Yep.
I’ve told the story before on this board, but I don’t mind repeating myself. In the early 2000s, my boyfriend and I lived at the Baldwin House, a cheap residential hotel on the corner of 6th and Mission streets (widely thought of as “the worst address in San Francisco”).  It’s a somewhat dark and eerie place even for an SRO, but that’s beside the point.
On the night in question, I was at home in our room alone, lying on the futon reading The Big Nowhere and smoking a cigarette. I was NOT high at the time, and hadn’t been for several days; also, I was wide awake.  Of a sudden, I glanced up from my book and saw a strange man standing in our doorway.  There was nothing unsubstantial or ethereal about him, I saw this man as clearly as I see my cockatiel right now. Nor did he look weird or frightening–he was just a youngish black man wearing a red flannel shirt and khaki pants, with a moderate Afro such as was pretty common in the 1970s (think Lionel from The Jeffersons), standing in the doorway looking down at something in his hand.

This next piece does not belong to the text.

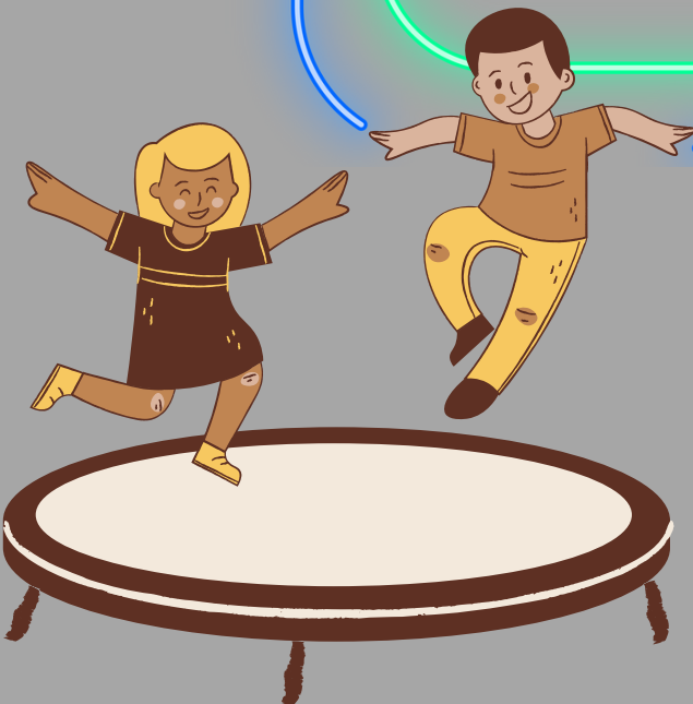
Sense of body movement through space

In the next second, two thoughts came into my head.  The first one was that he’d wandered into my room by mistake (perhaps a customer of Raymond the dope dealer across the hall), and then remembered that no, I had locked that door earlier, we always kept our door locked. Simultaneous with that, he looked up and apparently saw me–a startled look came over his face, and then he was gone. The entire event took maybe a second and a half.
I just laid there on the futon with my eyes and jaw wide open and my heart pounding. A ghost, I thought, a freakin’ ghost! I didn’t feel fear, rather wonder and a sense of rare good fortune: lots of people talk about ghosts, and now I’m one of those people who’s actually seen one!
That’s the first part of my true ghost story. The conclusion came a month later, and consisted of three sentences of conversation – I was coming home from somewhere, and when I got to mine and Racer’s room, Raymond was standing out in the hall, deep in conversation with two young women I’d never met. I overheard him say something about “spiritual presences” in the building, and said “Y’know, I think I’ve seen that here too.” Without batting an eye, Raymond said “It was a young-ass black guy, right?” That threw me for a wider loop than the actual sighting had when it took place–that my neighbor knew about this entity or phenomenon too, and well enough to mention it casually.